> **Task requirements**: I'd like the line containing "Kalendarz ścienny, trójdzielny" and every line below it, to the end of the material, repeated exactly and with nothing else.

> **Information provided**:

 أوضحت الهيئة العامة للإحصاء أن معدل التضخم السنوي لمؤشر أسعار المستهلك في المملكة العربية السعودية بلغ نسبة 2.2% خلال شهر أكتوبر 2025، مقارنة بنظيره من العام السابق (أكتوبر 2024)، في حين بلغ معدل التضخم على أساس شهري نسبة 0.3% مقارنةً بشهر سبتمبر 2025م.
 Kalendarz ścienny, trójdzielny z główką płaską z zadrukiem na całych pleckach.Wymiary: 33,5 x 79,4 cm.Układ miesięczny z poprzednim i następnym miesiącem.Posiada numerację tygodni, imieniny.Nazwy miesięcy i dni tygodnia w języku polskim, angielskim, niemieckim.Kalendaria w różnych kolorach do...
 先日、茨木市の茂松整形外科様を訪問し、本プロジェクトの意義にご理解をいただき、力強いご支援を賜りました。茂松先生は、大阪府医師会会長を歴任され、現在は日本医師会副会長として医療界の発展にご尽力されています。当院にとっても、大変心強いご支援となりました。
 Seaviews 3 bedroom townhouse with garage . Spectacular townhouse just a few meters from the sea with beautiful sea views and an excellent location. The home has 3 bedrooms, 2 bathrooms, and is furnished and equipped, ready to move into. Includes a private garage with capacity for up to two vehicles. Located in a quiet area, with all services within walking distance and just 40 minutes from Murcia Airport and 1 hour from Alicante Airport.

> **Task output**:
 Kalendarz ścienny, trójdzielny z główką płaską z zadrukiem na całych pleckach.Wymiary: 33,5 x 79,4 cm.Układ miesięczny z poprzednim i następnym miesiącem.Posiada numerację tygodni, imieniny.Nazwy miesięcy i dni tygodnia w języku polskim, angielskim, niemieckim.Kalendaria w różnych kolorach do...
 先日、茨木市の茂松整形外科様を訪問し、本プロジェクトの意義にご理解をいただき、力強いご支援を賜りました。茂松先生は、大阪府医師会会長を歴任され、現在は日本医師会副会長として医療界の発展にご尽力されています。当院にとっても、大変心強いご支援となりました。
 Seaviews 3 bedroom townhouse with garage . Spectacular townhouse just a few meters from the sea with beautiful sea views and an excellent location. The home has 3 bedrooms, 2 bathrooms, and is furnished and equipped, ready to move into. Includes a private garage with capacity for up to two vehicles. Located in a quiet area, with all services within walking distance and just 40 minutes from Murcia Airport and 1 hour from Alicante Airport.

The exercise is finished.